When comparing the analysis of different CPVT cell lines generated from patients carrying different RyR2 mutations the percentage of different abnormality subgroups varied between cell lines. Overall, double peaks and oscillations were most common and middle peaks and irregular phases least common abnormality types in all CPVT mutations. Other than that, no specific trend between abnormality subgroup percentages and different mutations could be seen and it could be concluded that there were mutation-specific differences in the Ca²⁺ transient abnormalities like we have previously shown with these cell lines [9].This finding showed the future usefulness of AnomalyExplorer for detecting cell line- and mutation-specific variability in the Ca²⁺ transient abnormalities. These types of differences reflect the mutation specific pathology of the disease and reveal that the location of the mutation can affect the disease phenotype. This result is in accordance with our previous study [9], where we showed that the Ca²⁺ abnormalities of these different CPVT cell lines are more common in some mutations than in others and that these Ca²⁺ cycling abnormalities can be rescued or reduced with a specific drug as in actual patients. In the future, AnomalyExplorer can speed up and improve the accuracy of the analysis of this type of drug study, where the effect of a specific type of drug on the amount Ca²⁺ cycling abnormalities is quantified. Further Ca²⁺ cycling studies combined with electrophysiological studies, are needed to assess how different Ca²⁺ cycling abnormalities reflect the mechanism of the disease or drug effect because these are not yet known. Presumably, at least some Ca²⁺ cycling abnormalities reflect the arrhythmogenic features such as DADs and EADs. Because electrophysiological studies are time-consuming and challenging and because only a restricted number of cells can be measured, these methods are not often combined and more optimization is needed.

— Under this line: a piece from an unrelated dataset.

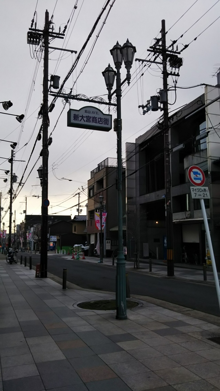 北山大宮を通ったときに見つけた。ここをずっと下って行ったのだけど、結構長い商店街だね。北大路あたりまで続いてたよ。アーケードとかはないけど。普通に車道を挟んでる両方の歩道側にお店が色々並んでた。地元のひとが利用しそうなところだね

AnomalyExplorer was designed for the data analysis of <50 Hz sampling frequency data with recording duration of tens of seconds, and it performs flawlessly under these requirements. AnomalyExplorer is able to analyze data with higher sampling frequencies, at least to 100 Hz, but it could be improved to suit for analysis of even higher frequency data in the future. With functional recordings it is problematic to set a certain recording duration limit that is sufficient to define the overall behavior of a cell and there is always uncertainty how well the recording reflects the overall behavior of the cell. In our study the recording duration was implemented for our specific use case with varying recording durations of 11 to 23 seconds. The analysis software does not have a limit for the recording length, but it can be estimated that responsiveness and user experience will suffer with several minute recordings. Short duration signals may not represent the long-term behavior of the cell correctly and for the future Ca²⁺ cycling analysis, the use of longer recordings with standard duration could be more beneficial, if it would be suitable for the study design. Ín these analyses, the duration of each abnormal Ca²⁺ transient could be compared to the duration of the whole signal to see the percentage of the abnormal Ca²⁺ transients in the recording. To improve the analysis of long-term behavior of the cells, long recordings could be also broken up into a series of segments and analyzed separately before averaging. Sampling frequency and recording duration of this study can be stated as a limitation of this study and the current prototype, as it was designed and implemented for a specific use case and for the specific digitization systems. Nevertheless, recording durations of tens of seconds and sampling frequencies of <50 Hz have been utilized successfully before, when studying Ca²⁺ cycling of iPSC derived disease specific CMs [2,5,9,23].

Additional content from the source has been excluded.